When to restart (default: OnCrash).

Source

pub fn max_restarts(self, n: u32) -> Self

Restart at most n times — n + 1 total runs (default: unlimited).

Source

pub fn backoff(self, base: Duration, factor: f64) -> Self

Exponential backoff before each restart: the n-th restart (0-based) waits base × factor^n, capped by max_backoff. A factor below 1.0 (or non-finite) is treated as 1.0. Default: 200ms × 2.0.

Source

pub fn max_backoff(self, cap: Duration) -> Self

Cap any single backoff delay (default: 30 s).

Source

pub fn jitter(self, enabled: bool) -> Self

Multiply each backoff delay by a uniform factor in [0.5, 1.5) (default: on), so a fleet of supervised workers restarted by the same incident doesn’t stampede back in lockstep. Disable for deterministic delays.

Source

pub fn storm_pause(self, pause: Duration) -> Self

Enable the failure-storm guard: when crash-restarts cluster faster than the failure score can decay (see failure_decay / failure_threshold), pause restarts once for pause — jittered into [0.5, 1.5) of the nominal value per jitter — then reset the score and resume. Off by default; this is the master switch, the other two knobs only tune it.

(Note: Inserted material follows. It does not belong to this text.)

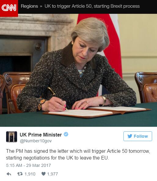 【環(huán)球網(wǎng)報道 記者 王一】據(jù)美國有線電視新聞網(wǎng)3月28日報道,英國首相特雷莎·梅28日簽署歷史性的信函,將在29日交給歐盟,啟動英國脫離歐盟程序。

Each failed run adds 1 to a score that halves every failure_decay: score = score × 0.5^(Δt / failure_decay) + 1. A service that fails rarely never accumulates past the threshold; a storm trips it and gets one collective pause instead of hammering restarts at backoff speed. (Design borrowed from Go’s suture supervisor — the idea, not the code.)

Only failures feed the score: crashes and spawn errors. A clean exit restarted under Always is not a failure. The storm pause stacks with (runs before) the per-restart backoff, and max_restarts is checked first — a storm pause never resurrects an exhausted budget. Pauses taken are reported in SupervisionOutcome::storm_pauses.

Source

pub fn failure_decay(self, decay: Duration) -> Self

Half-life of the failure score used by the storm guard (default: 30 s): every decay seconds without a failure, the accumulated score halves. A zero half-life keeps no history — every failure scores exactly 1, so the guard trips only with a threshold below 1.0. No effect unless storm_pause is set.

Source

pub fn failure_threshold(self, threshold: f64) -> Self

Failure score above which the storm guard trips (default: 5.0 — roughly “more than five failures inside one half-life”). A non-finite threshold never trips. No effect unless storm_pause is set.

Source

pub fn stop_when( self, predicate: impl Fn(&ProcessResult<String>) -> bool + Send + Sync + 'static, ) -> Self

End supervision when predicate matches a completed run — checked before the RestartPolicy on every exit, clean or not. (It never sees a run that failed to start; spawn errors are classified by the policy alone.)

Source

pub async fn run(self) -> Result<SupervisionOutcome>

Supervise until the policy, the predicate, or the restart budget ends it, and report the SupervisionOutcome.

§Errors

Returns Err only when the terminating attempt failed to produce a result at all (a spawn/IO failure when no further restart is allowed) — there is no final ProcessResult to report in that case. A spawn failure with restarts remaining counts as a crash and is retried.

§Cancellation

Dropping this future mid-run abandons the in-flight incarnation. With the default JobRunner it is killed on drop (the incarnation owns a private group); with a shared-group runner (with_runner(&group)) the incarnation stays alive in the caller’s group until the group tears it down.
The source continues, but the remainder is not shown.